Current broker is NOT HA-safe. Five symbols break under multi-instance: urlWatches, streamSubscriptions, meshClocks, mcpRegistry cache, scheduledMessages, lastHash. None are unsolvable, but none are trivial.

Rollout plan for HA

Phase 0 (now) — sticky sessions

Deploy a single broker behind Traefik with loadBalancer.sticky.cookie enabled. WS upgrade inherits the cookie, so reconnects land on the same node. Gives us 1 node of safe HA headroom (i.e., one deploy rollover without user-visible disconnection) without any code changes.

Phase 1 — Active/passive

Two replicas. Traefik routes all traffic to primary; secondary is warm. Primary fails → secondary takes over, all WS connections reset. No code change needed; clients auto-reconnect.

Phase 2 — Active/active for stateless routes

HTTP-only routes (/cli/*, /download, /hook) can round-robin across any number of replicas today. WS routes stay sticky per mesh via Traefik sticky.cookie. Already behind Postgres → each replica reads the same mesh/member/invite rows.

Phase 3 — Full active/active

Migrate the 6 problematic in-memory symbols:

  • streamSubscriptions → Redis pub/sub
  • meshClocks → leader-elect via Postgres advisory lock on mesh_id
  • scheduledMessages → single-writer pattern: whichever replica holds pg_advisory_xact_lock(schedule_id) fires
  • urlWatches → DB-backed + each replica owns watches where presence.node_id = this_node
  • mcpRegistry → rely on mesh_service table, drop the in-memory cache
  • lastHash → wrap audit.ts writes in a transaction that SELECT hash FROM audit_log ... ORDER BY id DESC FOR UPDATE, making concurrent inserts serialize.

Phase 4 — Multi-region

SPOF at Frankfurt (OVH). Move to a managed Postgres with read replicas, one broker cluster per region, global DNS geo-routing. Out of scope for v1.0.0.
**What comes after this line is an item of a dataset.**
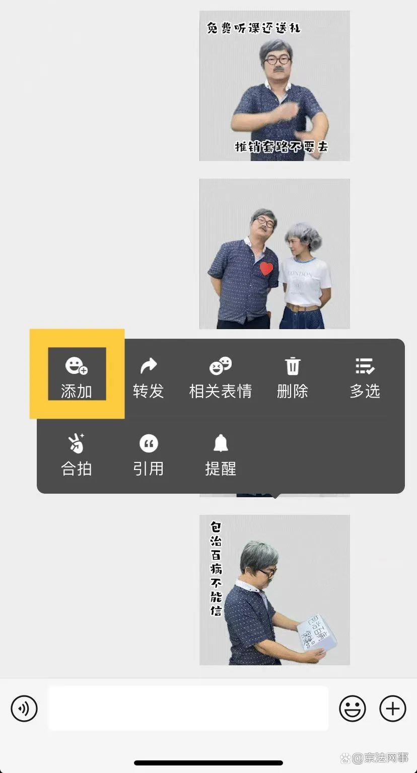 记得长按表情点击“添加”

Immediate ship: local docker-compose for 2-replica smoke test

packaging/docker-compose.ha-local.yml (TODO) spins up:

  • 2x broker (same DATABASE_URL)
  • 1x postgres
  • 1x traefik with sticky cookie
  • 1x locust / synthetic client

Tests:

  1. Send to peer connected on node A → delivered.
  2. Subscribe on A, publish on B → expect failure (documents the gap).
  3. Kill node A → client reconnects to B within Xs.
  4. Audit chain verify after concurrent writes from both nodes → expect a fork (documents the gap).

Decision

Ship v1.0.0 on sticky-session single-writer (Phase 0 + Phase 1 warm standby). That closes the "what happens on deploy" story. Phase 3 full HA is v1.1.0 work.